Keto is a corrective diet for those with metabolic issues. 

It's Okay to Do What Works for You


It’s taken me a long time to wrap my head around the idea that it’s okay to individualize your diet to suit your own:
  • tastes
  • lifestyles
  • and metabolic defects
You don't have to do what everyone else is doing because everyone else might be wrong. Do what's right for you, and that includes listening to Dr. Atkins’ suggestions rather than the standard cookie-cutter low-carb platform that is so popular today:

“One of the big reasons this diet works so successfully is because you eat protein and fat. And you eat them in just about the sixty to forty proportions in which they usually occur in nature: in a reasonably lean cut of beef for example. Some people actually don’t like fat. They do better on a low-fat diet, but I don’t encourage a low-fat diet, ever.”

The low-carb community sees what they want to see: 

"I don't encourage a low-fat diet, ever." 

Instead of:

"Some people actually don't like fat. They do better on a low-fat diet . . ." 

So, if that's what works for you, then that is what works for you, and who is anyone else to say otherwise?

The low-carb community has traveled a long way away from eating as the Atkins Nutritional Approach originally recommended. They have left Dr. Atkins’ advice behind, that his diet works best if you eat just enough to keep yourself from being uncomfortably hungry, and have adopted a very high-fat calorie-free mindset instead. 

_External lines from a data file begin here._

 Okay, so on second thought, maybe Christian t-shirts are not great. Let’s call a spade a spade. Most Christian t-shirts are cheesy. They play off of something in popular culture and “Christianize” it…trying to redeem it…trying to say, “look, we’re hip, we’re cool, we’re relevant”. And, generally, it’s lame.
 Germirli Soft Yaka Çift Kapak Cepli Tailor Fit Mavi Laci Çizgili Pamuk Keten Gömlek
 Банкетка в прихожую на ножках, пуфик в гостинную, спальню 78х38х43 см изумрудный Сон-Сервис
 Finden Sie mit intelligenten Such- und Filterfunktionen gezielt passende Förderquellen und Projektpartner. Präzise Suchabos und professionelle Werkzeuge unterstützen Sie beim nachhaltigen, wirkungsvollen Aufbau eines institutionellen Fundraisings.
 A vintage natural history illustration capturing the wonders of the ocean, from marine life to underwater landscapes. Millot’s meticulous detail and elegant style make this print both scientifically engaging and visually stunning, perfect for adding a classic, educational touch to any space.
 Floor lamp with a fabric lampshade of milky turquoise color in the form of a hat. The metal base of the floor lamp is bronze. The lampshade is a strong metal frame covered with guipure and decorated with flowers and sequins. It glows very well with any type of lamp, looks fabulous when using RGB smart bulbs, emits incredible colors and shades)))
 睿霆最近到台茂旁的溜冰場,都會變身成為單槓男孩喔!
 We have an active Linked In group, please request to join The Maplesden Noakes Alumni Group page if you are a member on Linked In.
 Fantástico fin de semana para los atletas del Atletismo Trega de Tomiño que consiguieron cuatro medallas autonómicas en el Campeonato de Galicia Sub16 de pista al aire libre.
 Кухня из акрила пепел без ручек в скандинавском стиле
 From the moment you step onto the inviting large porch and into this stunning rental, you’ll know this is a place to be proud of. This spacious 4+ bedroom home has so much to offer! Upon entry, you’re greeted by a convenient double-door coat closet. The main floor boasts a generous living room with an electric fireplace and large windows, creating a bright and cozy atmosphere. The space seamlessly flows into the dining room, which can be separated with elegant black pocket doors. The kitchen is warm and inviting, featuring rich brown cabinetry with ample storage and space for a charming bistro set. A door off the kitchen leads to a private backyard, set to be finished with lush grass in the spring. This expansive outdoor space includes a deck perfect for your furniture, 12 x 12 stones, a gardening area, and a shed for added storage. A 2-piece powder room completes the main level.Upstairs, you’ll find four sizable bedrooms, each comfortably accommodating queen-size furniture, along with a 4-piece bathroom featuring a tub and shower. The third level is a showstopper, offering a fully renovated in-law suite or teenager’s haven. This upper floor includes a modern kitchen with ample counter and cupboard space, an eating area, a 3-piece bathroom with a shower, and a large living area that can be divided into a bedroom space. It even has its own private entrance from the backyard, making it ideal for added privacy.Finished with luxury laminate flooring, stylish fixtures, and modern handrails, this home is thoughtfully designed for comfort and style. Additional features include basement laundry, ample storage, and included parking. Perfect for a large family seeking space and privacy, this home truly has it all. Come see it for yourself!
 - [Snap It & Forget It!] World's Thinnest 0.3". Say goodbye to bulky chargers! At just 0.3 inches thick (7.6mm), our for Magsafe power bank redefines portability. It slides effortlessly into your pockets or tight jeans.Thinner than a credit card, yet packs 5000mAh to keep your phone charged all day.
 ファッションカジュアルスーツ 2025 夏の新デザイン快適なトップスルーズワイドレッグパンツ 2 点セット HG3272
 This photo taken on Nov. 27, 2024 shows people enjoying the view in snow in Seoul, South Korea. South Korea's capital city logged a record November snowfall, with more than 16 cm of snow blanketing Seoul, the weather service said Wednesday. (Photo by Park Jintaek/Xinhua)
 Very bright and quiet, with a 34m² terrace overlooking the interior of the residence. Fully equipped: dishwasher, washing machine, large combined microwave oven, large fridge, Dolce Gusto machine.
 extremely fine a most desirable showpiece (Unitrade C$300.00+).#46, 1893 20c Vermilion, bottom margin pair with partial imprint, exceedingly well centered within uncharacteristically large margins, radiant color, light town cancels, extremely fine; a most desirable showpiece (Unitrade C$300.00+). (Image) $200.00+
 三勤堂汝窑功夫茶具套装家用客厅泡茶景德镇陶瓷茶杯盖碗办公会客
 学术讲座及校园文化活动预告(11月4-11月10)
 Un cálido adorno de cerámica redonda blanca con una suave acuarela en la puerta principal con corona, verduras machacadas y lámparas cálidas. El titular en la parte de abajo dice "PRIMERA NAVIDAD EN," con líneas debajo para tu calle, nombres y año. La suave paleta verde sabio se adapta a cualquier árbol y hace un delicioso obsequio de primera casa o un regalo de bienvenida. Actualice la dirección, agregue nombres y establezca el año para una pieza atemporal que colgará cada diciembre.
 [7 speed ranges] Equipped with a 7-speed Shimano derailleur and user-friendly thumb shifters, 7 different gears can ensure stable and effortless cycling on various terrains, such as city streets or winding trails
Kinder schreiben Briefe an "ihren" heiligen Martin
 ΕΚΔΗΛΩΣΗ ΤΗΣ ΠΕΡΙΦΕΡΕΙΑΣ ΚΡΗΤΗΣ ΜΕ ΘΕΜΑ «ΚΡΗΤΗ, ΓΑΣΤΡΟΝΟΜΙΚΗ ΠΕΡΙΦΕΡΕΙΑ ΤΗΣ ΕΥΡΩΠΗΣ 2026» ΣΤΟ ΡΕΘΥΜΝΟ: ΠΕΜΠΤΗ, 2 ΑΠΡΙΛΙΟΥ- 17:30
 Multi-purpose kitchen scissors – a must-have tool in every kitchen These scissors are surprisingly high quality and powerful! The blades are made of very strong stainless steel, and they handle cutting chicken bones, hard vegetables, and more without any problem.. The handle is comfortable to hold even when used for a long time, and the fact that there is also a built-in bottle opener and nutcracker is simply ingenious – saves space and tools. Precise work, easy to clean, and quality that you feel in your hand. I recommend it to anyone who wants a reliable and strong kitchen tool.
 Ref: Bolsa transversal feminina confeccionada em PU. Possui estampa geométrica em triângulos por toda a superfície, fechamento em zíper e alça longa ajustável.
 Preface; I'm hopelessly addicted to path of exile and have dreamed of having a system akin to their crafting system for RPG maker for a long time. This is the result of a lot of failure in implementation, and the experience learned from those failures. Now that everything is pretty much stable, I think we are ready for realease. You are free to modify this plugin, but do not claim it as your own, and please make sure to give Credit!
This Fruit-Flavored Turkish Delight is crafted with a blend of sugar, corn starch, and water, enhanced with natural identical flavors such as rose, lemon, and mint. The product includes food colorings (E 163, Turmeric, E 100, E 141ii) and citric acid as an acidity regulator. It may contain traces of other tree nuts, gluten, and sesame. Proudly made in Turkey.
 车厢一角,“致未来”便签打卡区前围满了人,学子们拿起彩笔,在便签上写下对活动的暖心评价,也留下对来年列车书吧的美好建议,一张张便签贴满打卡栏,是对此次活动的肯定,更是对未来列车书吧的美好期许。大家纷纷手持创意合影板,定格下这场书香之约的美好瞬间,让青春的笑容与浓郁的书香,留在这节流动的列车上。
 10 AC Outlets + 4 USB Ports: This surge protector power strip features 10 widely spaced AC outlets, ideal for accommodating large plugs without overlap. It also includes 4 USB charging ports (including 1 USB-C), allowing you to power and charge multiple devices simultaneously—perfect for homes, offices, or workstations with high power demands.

Dr. Atkins' definition of eating luxuriously, of not being afraid of fat, and the role that calories play, differs tremendously from the definition that low-carb dieters were using in 2007. 

And today, the definition of a low-carb diet has gotten even more wayward and distant. 

But that’s fine. 

If it works for them, that’s great. 

You don’t have to follow that path if that path isn’t helping you to achieve your goals. You can create your own path. You can create your own diet or don't diet at all, if that's more to your liking. DO what works for you. Everything else is just window dressing.

Vickie Ewell Bio

Comments

  1. Meatest and millet! I have not heard of that. I have been low carb for 5 yrs+ and am dissatisfied with it. I like the idea of lower carb/fat. Looking forward to exploring your blog.

    ReplyDelete
  2. Few people have heard of the Meat and Millet Diet, but that's what Dr. Atkins used for patients who were not overweight. He didn't preach the "Low Carb for Everyone" mantra that is so popular within the low-carb community today. In fact, his older diet books have a lot of lower fat, lower carb "hints" that most low-carb dieters have missed.

    I've been very slow in implementing a lower fat, lower carb diet into my life, due to circumstances, but that's about to change. So my posts will soon become more frequent and helpful.

    Thanks so much for your comments.